Since that fateful day, I’ve worn my blue jacket nearly every day. Part linen, part cotton, it’s perfect for all seasons, and its slightly longer than usual cut makes it ideal for a bike rider. I can see why Bill wears them religiously. Over the years, the jacket has aged quite a bit, to the point where the shoulders had gone white and there were holes in a pocket and elbow. I searched online for a replacement, but they really are an elusive item. Many brands now produce a similar jacket – probably inspired by someone like me who wanted a new one – but none of them are quite as good. I’ve even had a pattern made of it, but can’t seem to track down the right fabric. I moved on to other jackets and tried to kid myself they were worthy replacements.
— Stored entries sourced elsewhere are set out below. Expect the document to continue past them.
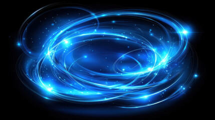 blue light circle with smooth glowing edges, twirl, particle halos creating a clean frame. Blue glowing circle. Light frame on black background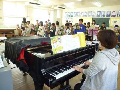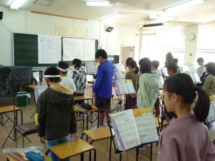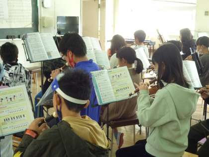 音楽室からきれいな歌声が聞こえてきました。「夢の世界を」のサビの部分は高い音ですが、みんな美しい頭声発声ができています。また、「キリマンジャロ」も、リコーダーで頑張って演奏しています。
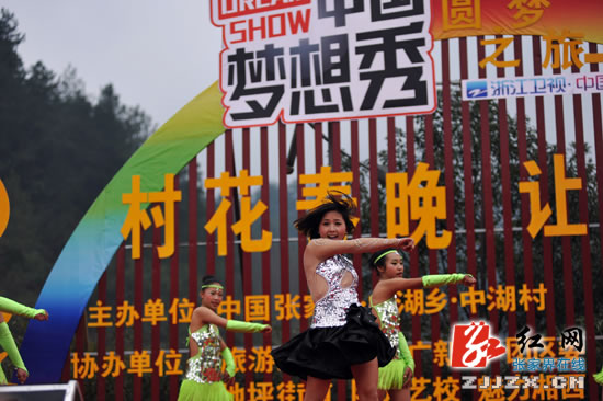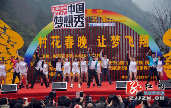 绝版山水中的圆梦之旅如此温暖 活动现场,张家界最具代表的乡村民俗表演茅古斯舞、土家溜子打击乐、围鼓、阳戏、民歌对唱、花灯、千人摆手舞等陆续亮相,“中国梦想秀”的众多追梦达人更是鼎力相助。现场掌声、欢呼声接连不断。晚会的主角当属最美“村花”覃露,她登台为现场观众表演了张家界版《江南style》和拉丁舞,用优秀的舞姿答谢所有前来见证她圆梦的朋友。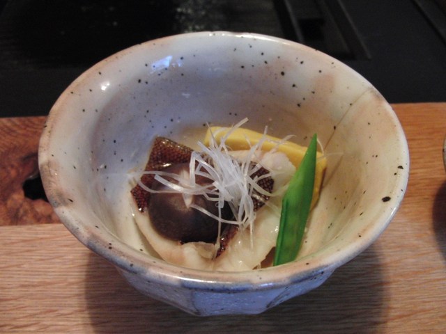海老の上に乗っているのは梅です。梅の酸味が出汁にほんのりと感じられサッパリとしています。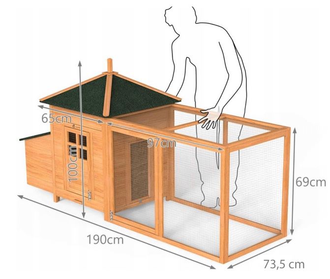 Rozměry kurníku jsou 1900x735x1000 mm, a váha činí 33 kg. Produkt je dodáván v jednom balíku.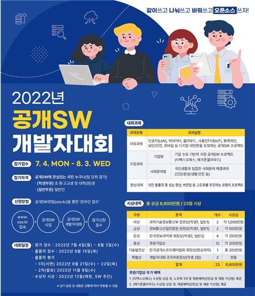 과학기술정보통신부가 4일부터 8월 3일까지 '2022년 공개소프트웨어 개발자대회' 참가자를 모집한다.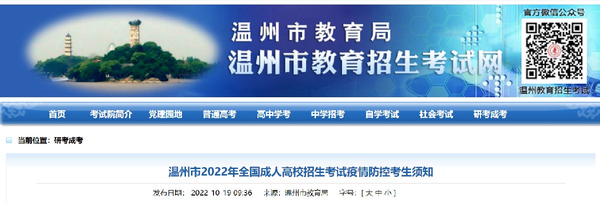 1.考生须在考前主动查询、了解浙江教育考试院及温州市教育考试院(www.wzksy.cn)网站发布的2022年成人高考疫情防控要求,遵守考试防疫相关规定。考生不按规定要求造成不能参加考试的,责任由本人承担。建议考生考前14天内尽量在考点当地避免流动,避免前往中、高风险地区和人流密集的公共场所。

A while ago, I decided to try to fix bluey. I’m not sure why the idea hadn’t occurred to me earlier; maybe it was a part of emerging from the first year-and-a-half of Fred’s life, blinking at the sun, dizzy with the prospect of an hour or two to myself. I began looking into Sashiko stitching, a Japanese method of mending holes in fabric by hand. I did that at night while we watched Game of Thrones. I got in trouble for dropping pins on the floor. Then I bought some navy dye from the supermarket, but hesitated before using it. This was my blue jacket, after all. I ordered a natural indigo dye kit from the internet and waited for it. I did it all over the weekend just been. It was quite a production, but very enjoyable. The first dip was very satisfying: when I pulled out the jacket and some other shirts I had committed to the process, they looked greeny yellow, but as I hung them on the clothesline, they changed colour before my eyes. It was magical! I had forgotten to wet the fabric first, so the garments that started white had a marbled, crumpled, yet still lovely look to them.

But old bluey looked magnificent. Over the weekend I dipped her back in the dye four or five times, though I’m not sure how much difference it made. She’s finished now, restored nearly to her former glory, and I’m almost scared to put her on again. What if she’s not as good any more? Am I clinging onto the past too tightly? Is this all an elaborate form of procrastination from writing my stories? I almost prefer the shirts, because they’re so strange. Ah well. Fred just woke up.


The vat, a couple of days in. Note there is no longer a bubby film over the top, so the water is now a deep blue – which makes me suspicious of its dyeing powers.


Bluey, fresh outta the vat.


Just look at that fabric. Note the marbled shirts in the background – after repeated dips, they came out very nice. Still marbled, mind.


The finished article, nearly dry, after four or five dips over the span of a weekend. Note the sashiko stitching on the pocket. The French and the Japanese – what a great bunch of lads.


In unrelated news, Fred was spotted in his own custom Tess vest, knitted for him by Helen, AKA Noonoo. He was watching television, unaware of indigo dye, traditional Japanese mending techniques or any other such nonsense.